Son como losetas o ladrillos encargadas de taponar las roturas que pueda haber en los vasos sanguíneos y por las cuales se escaparía la sangre. Son imprescindibles para que se lleve a cabo el proceso completo de la coagulación y evitar con ello que nos desangremos cuando sufrimos heridas.

¿Qué es la anemia?

Hablar de anemia requiere tener bien claro qué es la sangre. Es un tejido más del cuerpo humano, que se encuentra en estado líquido precisamente por la importantísima función que tiene de servir de vía de comunicación y de transporte de todas las sustancias necesarias para mantener abastecidos y en correcto funcionamiento todos nuestros órganos.
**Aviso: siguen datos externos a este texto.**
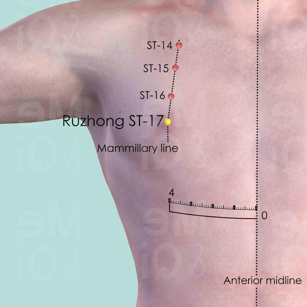 Contradicted for needling or any other type of therapies. Ruzhong ST-17 is only used for location reference.

Las células que componen nuestra sangre son básicamente:

Todas estas células nacen en la médula ósea, que es el gran órgano productor de células sanguíneas y que se encuentra dentro de los huesos del tronco en un adulto sano. Estas células tienen una vida limitada, por lo que existe una continua renovación de las mismas por el organismo y es preciso que se produzcan diariamente cientos de miles para que no surjan la anemia, la leucopenia (déficit de glóbulos blancos), o la trombocitopenia (déficit de plaquetas).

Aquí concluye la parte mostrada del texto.